→ EXERCISE AIM
When you reach the line that contains "от двигателя 1.", give it back exactly along with each line after it to the end of the entries; skip any pictures.

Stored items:
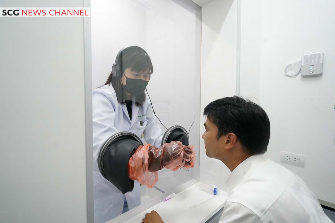 SCG Foundation has donated its second modular swab unit and tele-monitoring system which had been co-developed by SCG and worth a total of 2.5 million baht to Ramathibodi Hospital. The unit requires an installation period of only one and a half days during the hours that the hospital closes which allowed it to be ready in time for the opening hours of the hospital at the beginning of the week. The modular swab unit is compact and can fit in tight spaces, while it is able to host five medical professionals and five patients at a time and can also efficiently connect with the hospital’s existing screening system, allowing the hospital to safely and swiftly screen for patients at risk. The units offer a pressure control and air flow system that is clean, safe, and lowers the risk of infection as well as an air tightness system that prevents dust, noises, and air from flowing in and out of the building, similar to the modular swab unit that SCG has recently donated to Rajavithi Hospital. During the procedure, patients and medical professionals remain separated in order to prevent the virus from spreading, while the medical professional would insert their hands through a glove-covered slot on an acrylic sheet in order to collect the sample. Apart from using concentrated UV radiation to kill the virus (UV Germicide) on the gloves and on the surfaces of the room after each use, patients also use a disposable glove in order to lower the risk of spreading the virus to other patients and doctors. Meanwhile, all units are separated into cells that can be individually shut down in emergencies when there is a breach between the medical staff area and patient area.
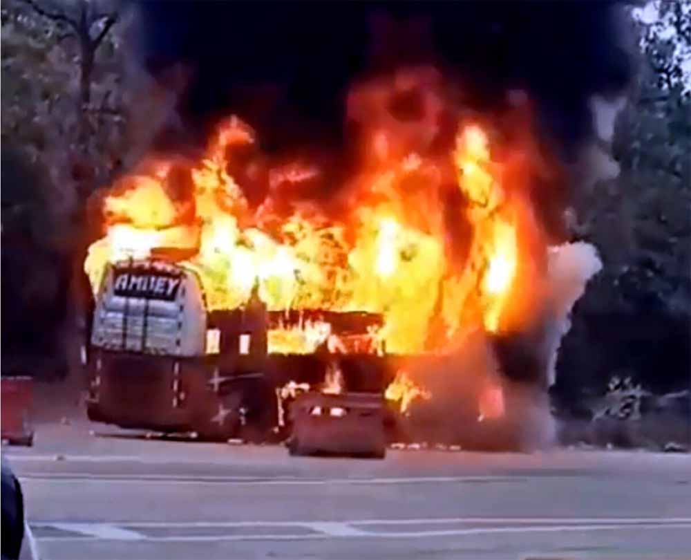 मोटरसाइकिल टक्कर के बाद डीटीसी बस में आग, यात्रियों की हुई रूह कंपाने वाली घटना
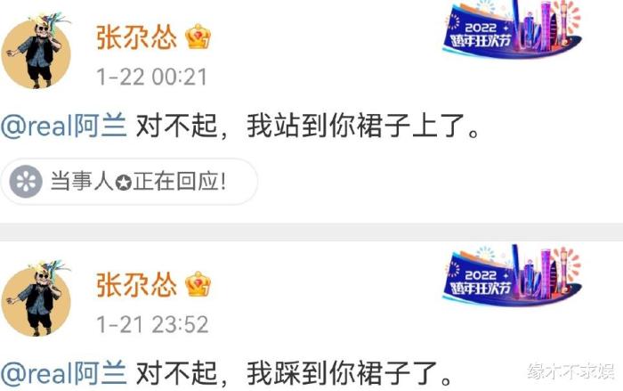 随后,踩到阿蓝裙子的张尕怂也两度发文给阿兰道歉,十分有趣。
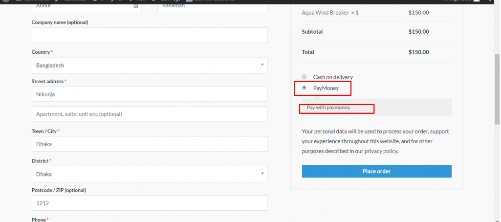 Step 5: While checkout from the woo-commerce site make sure that payment method is Paymoney.
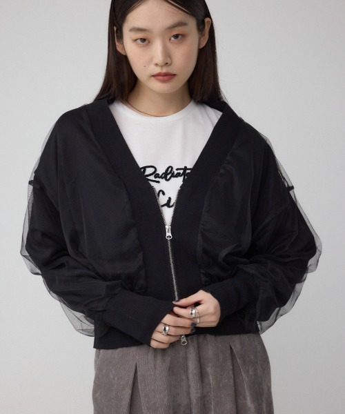 ■チュールドッキングニットカーディガン ■ポイント ボリュームのあるチュールギャザーとスッキリとしたVネックとダブルジップを組み合わせ、甘すぎない大人可愛い印象に仕上げました。 ■ディテール ゆったりとしたサイズ感とクロップド丈で、スタイルアップ効果も抜群。 ■スタイリング 腰まわりがスッキリとしたワイドリブ使いでボトムを選びません。 VネックからロゴTを覗かせたカジュアルコーディネートはもちろん、きれいめインナーを合わせてフェミニンな着こなしもできます。 ■生地 ドライなタッチの素材と、伸縮性のある素材をプレーティングして編み立てています。 清涼感と伸びのある快適な着心地が特徴です。 繊細なチュールをドッキングし、異素材使いをしています。 透け感:なし 裏 地:ニットとチュールの2枚仕立て 伸縮性:あり 光沢感:なし [注意事項] ※画像の商品はサンプルです。実際の商品と仕様、加工が若干異なる場合があります。 ※画像の商品は光の照射や角度、お使いのモニター環境により、実物と色味が異なる場合がございます。 ※着用、お取り扱いの際は、アテンションタグをご確認ください。 [お気に入り登録のおすすめ] ■商品のお気に入り登録 お気に入りアイテムの再入荷・在庫1点などの通知を受け取ることができます。 ■ブランドのお気に入り登録 新作アイテムの入荷や人気アイテムの再入荷、おすすめトピックスなど、いち早くブランドの情報を受け取ることができます。 AUTUMN & WINTER ( 秋服 / 冬服 ) ※こちらの商品はAZUL BY MOUSSY独自の採寸方法となっています。本サイトのサイズガイドと採寸方法が異なる場合がありますのでご了承ください。
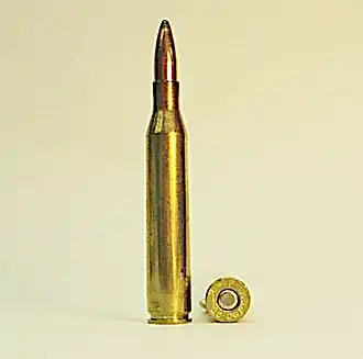 Charles Newton necked down the .30-06 Springfield cartridge in 1912 to accept a 117-grain .25-35 Winchester bullet,[3] but the resulting .256 Newton cartridge did not catch on. Newton's early modification encouraged commercial release of a shortened case (from 63 to 49 mm) as the .250-3000 Savage in 1915.[4] Frankford Arsenal developed an experimental .25-06 during World War I; and distribution of surplus United States military equipment through the Civilian Marksmanship Program following the war encouraged independent gunsmiths to experiment with the cartridge.[3] A. O. Niedner of Dowagiac, Michigan, introduced rifles for the .25 Niedner in 1920.[5] Niedner Arms Corporation retained the 17° 30′ .30-06 shoulder chambering .25 caliber barrels rifled with one twist in 12 inches (300 mm).[6] Similar cartridges were identified as the .25 Hi-Power, .25 Whelen (analogous to .35 Whelen), or .25-100-3000 (to indicate the ability to achieve 3,000 feet-per-second with a 100-grain bullet rather than the 87-grain bullet used in the .250-3000 Savage). Greater case capacity offered minimal velocity improvement over the .250-3000 Savage case with contemporary smokeless powders.[7] Availability of DuPont's Improved Military Rifle (IMR) powders encouraged commercial release of the .257 Roberts using the 57 mm Mauser case in 1934.[8] Release of IMR 4350 in 1940 and availability of surplus 4831 powder salvaged from Oerlikon 20 mm cannon cartridges after World War II greatly improved performance of the full-length .25-06 case.[9]
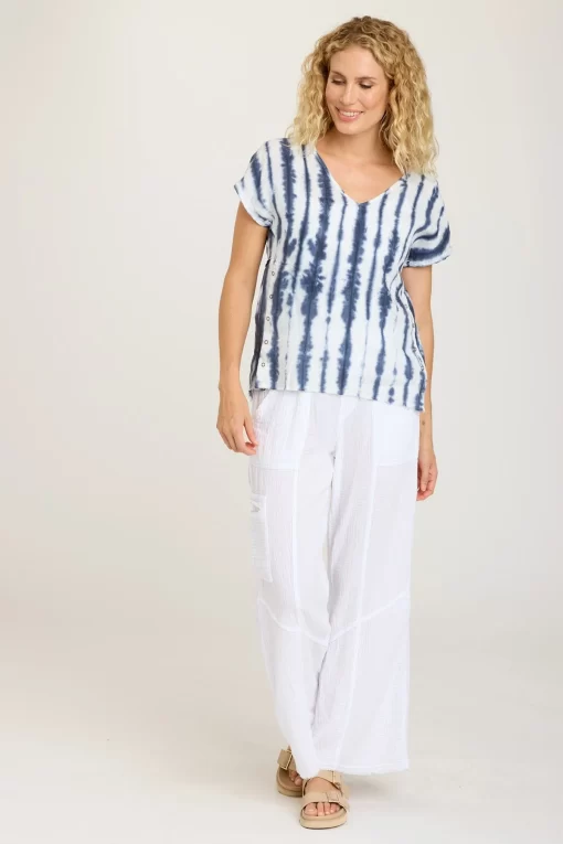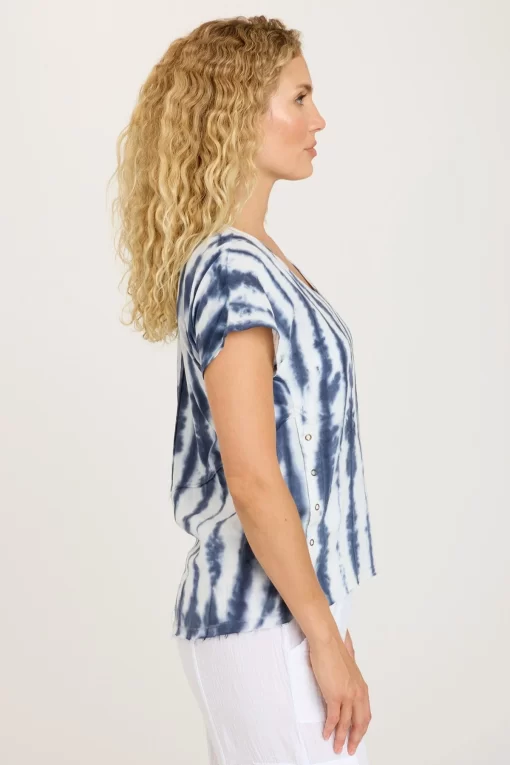 A simple shell top with a twist, or rather, a snap! Snap up side seams allow for you to rock Rian snapped up or free flowing. Contrasting jersey panel on the back yoke gives Rian extra easy breezy vibes.
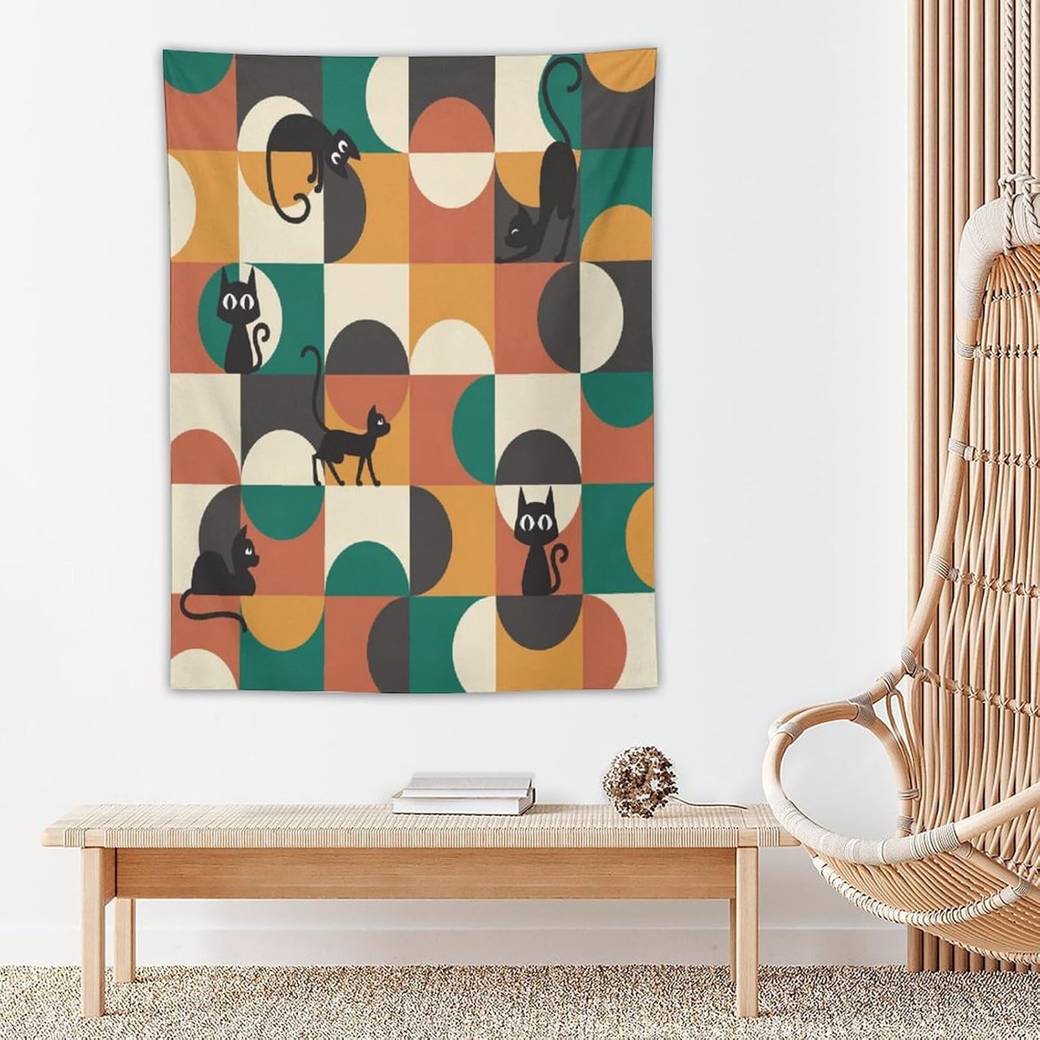 ICMOLYYENLO Boho Medieval Cat Tapestry, Abstract Atomic Starburst Geometric Aesthetic Art Wall Hanging For Bedroom Living Room Dormitory 50x60 Inches
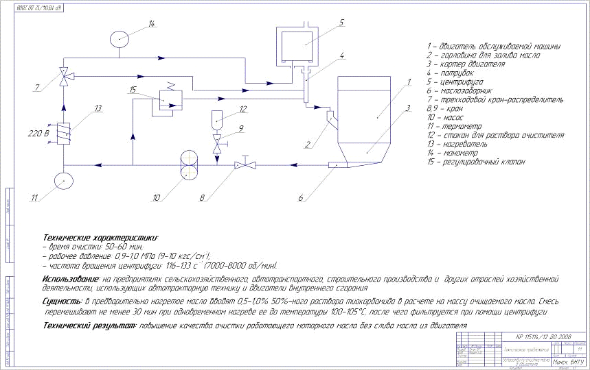 от двигателя 1. На этом очистка работающего масла заканчивается.
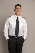 The Declan is a classic single-breasted, two-button jacket made in our top-performing woven poly/wool sharkskin fabric, with a touch of stretch. It's fully lined and available with customized crew striping, and can also be worn without stripes to accommodate other uniformed professionals. Shown in Basic Blue.

→ YOUR RESPONSE
 от двигателя 1. На этом очистка работающего масла заканчивается.
 The Declan is a classic single-breasted, two-button jacket made in our top-performing woven poly/wool sharkskin fabric, with a touch of stretch. It's fully lined and available with customized crew striping, and can also be worn without stripes to accommodate other uniformed professionals. Shown in Basic Blue.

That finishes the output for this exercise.